Other asset managers are making a similar case from a forward-looking angle. Fidelity, referring to AI, says “the powerful earnings growth trend it has spurred will continue into 2026,” while also noting that “Valuations point to opportunities.” These firms are suggesting that earnings momentum matters, and that companies delivering better-than-expected results can continue to separate themselves in a market that is hunting for durable growth.
Taken together, these suggest that beating earnings estimates is not just a short-term headline event. It can be a sign that a company has stronger momentum, better positioning, or more resilience than investors had priced in. With that in mind, we will look at the 10 Best Stocks That Beat Earnings Estimates.

Our Methodology
We used the Finviz screener to identify stocks that have recently reported earnings that beat consensus estimates. We then limited our final selection to companies that have recently reported noteworthy developments likely to impact investor sentiment. These stocks are also popular among analysts and elite hedge funds.
Why are we interested in the stocks that hedge funds pile into? The reason is simple: our research has shown that we can outperform the market by imitating the top stock picks of the best hedge funds. Our quarterly newsletter’s strategy selects 14 small-cap and large-cap stocks every quarter and has returned 498.7% since May 2014, beating its benchmark by 303 percentage points (see more details here).
10. Lamb Weston Holdings, Inc. (NYSE:LW)
On April 1, 2026, JPMorgan said Lamb Weston Holdings, Inc. (NYSE:LW) delivered a Q3 EPS beat, driven by stronger-than-expected performance in North America that offset international weakness, higher interest expense, and tax impacts. The firm described the results as “better than feared,” noting the company narrowed its full-year EBITDA guidance while raising the midpoint, signaling stabilization in North America alongside more predictable international pressures. JPMorgan maintained a Neutral rating on the shares.
Earlier that day, Lamb Weston Holdings, Inc. (NYSE:LW) reported Q3 adjusted EPS of 72c versus 61c consensus, with revenue of $1.56B compared to $1.49B consensus.

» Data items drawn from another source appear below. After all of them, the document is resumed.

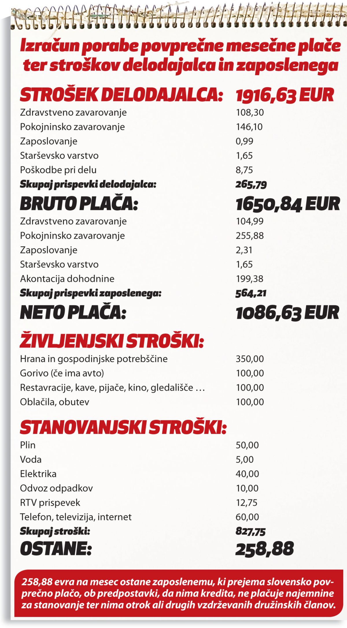 Lojze torej vsak mesec razpolaga z dobrim tisočakom evrov. Človek bi rekel, pa saj ni tako slabo. Ali res ni? Sestavili smo seznam vseh mesečnih stroškov, ki jih ima naš slovenski povprečnež. Zajeli smo vse od hrane in pijače pa do stroškov oblačil in obutve, goriva za avto, kosil, kav, obiskov kina, tudi stroške za zemeljski plin, vodo, elektriko, odvoz odpadkov, telekomunikacijske storitve … Okvirni Lojzetovi mesečni stroški so nanesli 827,75 evra. Po vseh odštetih stroških se lahko Lojze zabava še z 258,88 evra. Daleč od tega, da bi bilo slabo, boste rekli, sploh če še enkrat ponovimo podatek o dveh tretjinah ljudi, katerih plača je nižja od povprečne, torej jim na mesec ne ostane toliko, kolikor ostane našemu Lojzetu. Pa povprečnemu Slovencu res ostane toliko na koncu meseca? Pozor, izračun ni zajemal kredita za stanovanje ali kakršnekoli stanarine, pri izračunu smo upoštevali tudi, da oseba nima otrok ali drugih vzdrževanih družinskih članov. Končni izračun bi bil ob teh dodatnih stroških verjetno precej drugačen, prav tako pa se je še enkrat izpostavila misel na umetnost preživetja tistih z nižjimi mesečnimi dohodki.
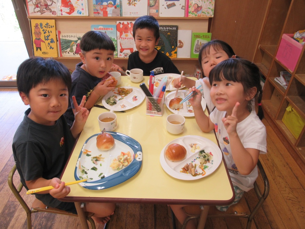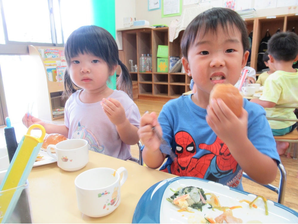 8月の誕生会メニュー⭐︎ 2023年08月29日 ♡誕生会メニュー♡ ロールパン 鶏の南蛮漬け ほうれん草のソテー ポテトサラダ りんご 誕生児デザート : スフレチーズケーキ 友だちと食べる給食ってとっても美味しいですね☆ 美味しそうにパンを頬張っていました⭐︎ どのクラスも給食を食べて笑顔がいっぱいで嬉しくなりました〜!
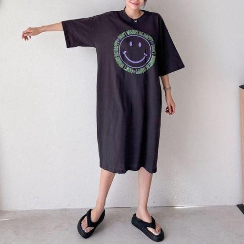 마쿠쿠 1+1 세트 스마일 여성 잠옷 홈웨어 원피스 반팔 롱 티셔츠
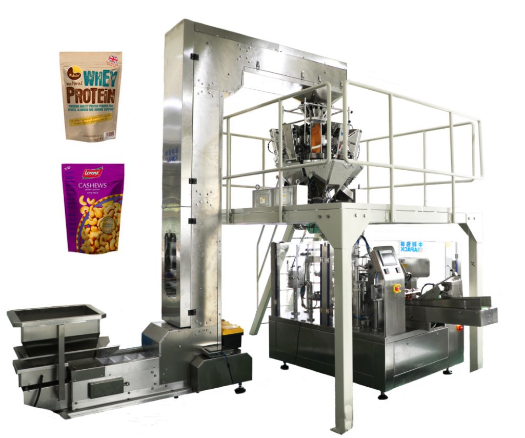 Rotacijski pakirni stroj z različnimi odmerki (kot so multihead tehtanje, polnilo za polž, tekoče polnilo itd.) so primerni za avtomatsko pakiranje za granulat, prašek, tekočino, pasto itd.
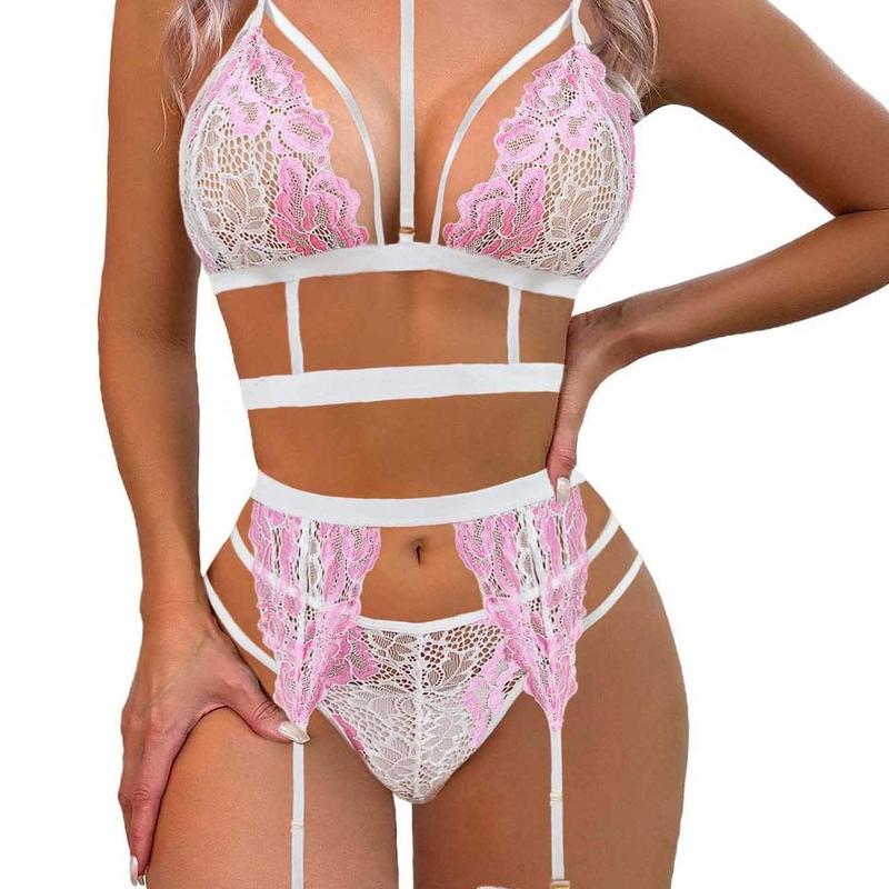 Design: Women lace bralette bra and panty set v-neck lingerie set features a delicate lace fabric, a strappy bra with removabel choker, a g-string thong , a suspender belt.This set is perfect for showing off your killer body
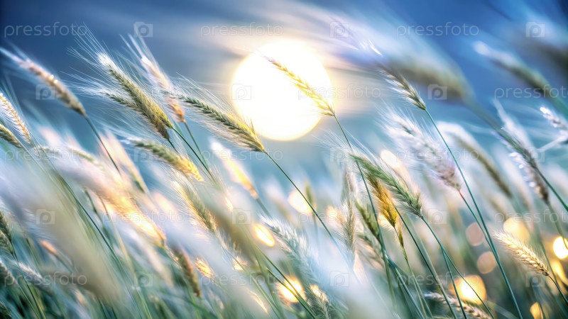 Золотой лунный свет блестит сквозь раскачивающиеся травы на закате

CEO Mike Smith said the quarter was supported by continued strength in North America and disciplined execution, while highlighting ongoing efforts to align supply and demand and manage a competitive international environment.
The company narrowed its FY26 revenue outlook to $6.45B-$6.55B from $6.35B-$6.55B versus $6.53B consensus and adjusted EBITDA guidance to $1.08B-$1.14B from $1B-$1.2B. Lamb Weston also expects $400M in capex and said its outlook reflects currency benefits, tariff impacts, ongoing disruption in parts of the Middle East, and the inclusion of a 53rd week in fiscal 2026.
Lamb Weston Holdings, Inc. (NYSE:LW) produces and markets frozen potato products globally.
9. McCormick & Company, Incorporated (NYSE:MKC)
On April 1, 2026, JPMorgan analyst Thomas Palmer lowered the price target on McCormick & Company, Incorporated (NYSE:MKC) to $64 from $67 and maintained an Overweight rating, noting the company is not receiving the “benefit of the doubt” from investors regarding its food deal.
On March 31, 2026, McCormick & Company, Incorporated (NYSE:MKC) reported Q1 revenue of $1.87B, above the $1.79B consensus estimate. CEO Brendan Foley said the company delivered growth in sales, operating income, and earnings per share, supported by the McCormick de Mexico acquisition and organic growth across both segments, alongside cost discipline that drove margin expansion.
The company reaffirmed its FY26 adjusted EPS guidance of $3.05-$3.13 versus $3.09 consensus and expects revenue growth of 13%-17%, with a projected tax rate of 24%. Management said volumes were in line with expectations and anticipates sequential improvement through the year, supported by brand investments, innovation, and distribution gains.
McCormick & Company, Incorporated (NYSE:MKC) produces and sells spices, seasonings, and related food products globally.